I think the decrease of sharpness is due to the lake of pixels (when enlarge it to a certain size) rather than the minimal difference of DOF, is it right?
It depends... The reduction in sharpness due to enlargement is essentially *only* due to cropping/enlargement (reduction in COC). But the particular characteristics of what is sharp/unsharp will vary with the resolution (lens/sensor)... there's not necessarily "less resolution" for the DX/smaller image if a different camera/sensor/lens is used.
 
Last edited:
It makes my head spin.
That's because it's overly complicated and highly subjective. And I personally don't like "equivalence" because there are too many variables, you can't ever really get to exactly equivalent, and for most it's not much of a concern.

But DOF/sharpness considerations are actually pretty simple. The more critically an image is going to be viewed (enlargement/display size relative to viewing distance), the more sharpness/DOF you need.

Digital makes it a bit more confusing because we tend to think of "image size" in terms of megapixels... but in relation to DOF, megapixels are irrelevant. However, image resolution (megapixels/sensor/lens) is not irrelevant in terms of the specific characteristics of the resulting image w/ a given DOF.
 
It's worth bearing in mind that when it comes to depth of field (the limit of acceptable sharpness, according to the DoF standard) you don't need many pixels at all - just over 1m, 1270 x 847 = 1.08m to be precise. That does not mean to say anything over this is worthless, not at all and of course it's not that simple, but it's certainly true that when you get over say 10m, you'll be hard pressed to see any improvement without both big enlargements and close viewing.

Most people put too much emphasis on pixels (resolution) and not enough on contrast that is the key factor in the perception of 'sharpness'. You get much more of that from top quality lenses and larger sensor formats, than simply from tons of pixels.
 
Last edited:
There has been a few of these mathematical threads recently. I suspect maths teachers are bored already and it's only half way through the 6 week holiday.
 
There has been a few of these mathematical threads recently. I suspect maths teachers are bored already and it's only half way through the 6 week holiday.
I do agree that most of this is just academic, and pretty much irrelevant for most... use what you have and forget about it.

However, I do not think it is entirely academic if you are choosing what gear to buy/use.
With sensors of similar MP count, what I find is that the character of the OOF portions (bokeh) often tends to be "busier" and more annoying with the smaller sensor (same/similar DOF). This is due to the greater resolution (pixels/area) used to record it (the blur radius of a point may be the same, but there are more of them and they are smaller). And often, what is actually in focus is sharper with the larger sensor, partly because you are able to stop down farther (equalizing the DOF's) and partly because larger sensors (pixels) are less demanding (different DOF's).
These differences range from inconsequential to quite notable... but typically more towards inconsequential. Especially if you start with a more acceptable BG, and an adequately sharp lens/aperture.
In other words, technique and other choices matter more... it's only when you don't have choices that it makes much of a difference. I.e. you can usually get close enough to "equivalent" with most systems... is it worth the costs for those few times where you can't?

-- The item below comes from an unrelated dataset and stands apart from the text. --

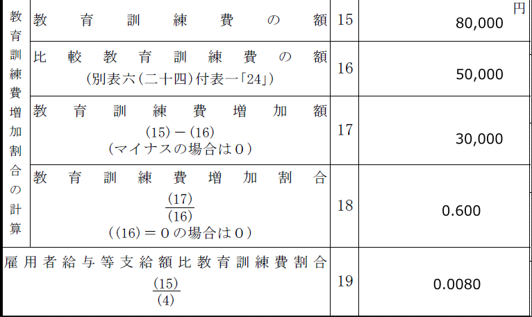15~19欄を埋めます。15欄には当年度の教育訓練費の額を入れ、16欄はすでに作成済みの別表六(二十四)付表一から転記します。

But if you want to take it to extremes, try comparing macro shots of the same composition with a tiny sensor vs a FF sensor... the tiny sensor will generate a much more "usable" image with greater detail/DOF, even after enlargement. The only way to duplicate it is to stack images from the FF sensor. Granted, a FF stack *can* be much better, and there are many other tradeoffs being made at the same time (ISO performance, diffraction limits, etc). But it's why I often prefer to use my 1" Nikon1 over any of my DSLRs for macro/closeup work, particularly for moving subjects (but sometimes for product work as well).